The chief difference between church extension work in the homeland and missionary work abroad is that organized, functioning districts are already established in the homeland and it remains only to start new local churches and occasionally split one district into two. On the mission field one must not only start new local churches, but he must at the same time create the district organization and develop its functions. We have been generally successful in developing indigenous local Nazarene churches which are at least moving rapidly toward self-support, self-government, and self proclamation on the local level. The place where we have been less successful is in developing responsible district organizations which are indigenous in all of these aspects. Has it been that we have failed to see clearly that the district is the most crucial level of our particular type of church organization, and that national participation in the district government and activities can begin from the very start?

For my part, I should like to erase the very concept and word “mission” in the sense of an organization in contrast to the district, for here is the root of many problems between nationals and missionaries.

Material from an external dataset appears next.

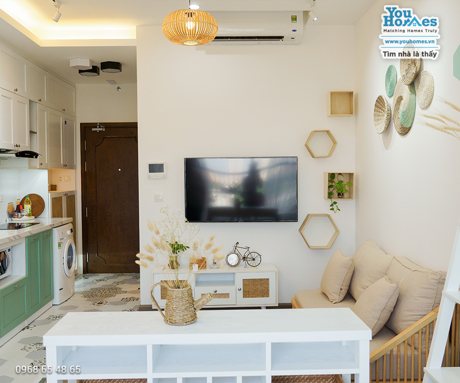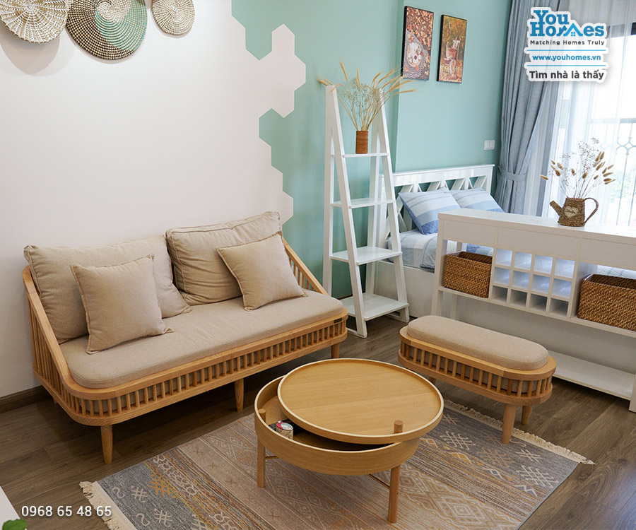 - Căn hộ được thiết kế & trang bị với nội thất đồng bộ với những đường nét, chi tiết mang hơi hướng phong cách Vintage Đông Dương, nhưng vẫn nhẹ nhàng & tinh tế, tạo nên 1 không gian vô cùng thoáng, hơi hoài cổ bởi những cánh cửa mây, bông lúa khô & những đồ decor mộc mạc ... gần gũi thiên nhiên; tạo không gian thoáng, trần cao hơn, diện tích sử dụng thực tế rộng hơn các căn bằng diện tích cùng dự án.
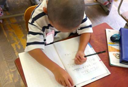 算数科では、かさの単位である「L」や「dL」について知り、水のかさを調べています。

Instead of “Let the mission do it,” let us say, “Let the district do it”–and immediately we have an organization involved which is indigenous and permanent instead of foreign and in some sense temporary. This change must be more than verbal–it involves moving to a concept and method which always involves all the church, both missionaries and nationals. It is a church in which missionaries exercise their leadership under Christ with the aim of training national fellow-Christians to replace them so that they can pioneer in other geographical or organizational areas. It is a church in which nationals will feel that they are missionaries when they pioneer as the missionaries do, and will feel a greater urge to copy them in their ministry than in their foreign culture, standard of living, and status. It is a church which is responsible district in a worldwide Nazarene fellowship.

Bibliography and New Books

Beyerhaus, Peter, and LeFever, Henry. The Responsible Church and the Foreign Mission. Grand Rapids, Michigan: William B. Eerdmans Publishing Company, 1964. Comparative missionary methods.

Dodge, Ralph E. The Unpopular Missionary. Westwood, New Jersey: Fleming H. Revell Company, 1964. Missionary problems in today’s world.

[page 18 begins]

McGavran, Donald Anderson. How Churches Grow. The New Frontiers of Mission. London: World Dominion Press, 1955. Available through the Association Press, New York. The most important book on missions in print.

Orchard, R.K. A Time of Testing. Thought and Practice in Contemporary Missions. Philadelphia: The Westminster Press, 1964. An important restudy of the biblical foundation of missions and its application.

Scherer, James A. Missionary Go Home! A reappraisal of the Christian World Mission. Englewood Cliffs, New Jersey” Prentice-Hall, Inc. 1964. An introduction to missions in the contemporary setting.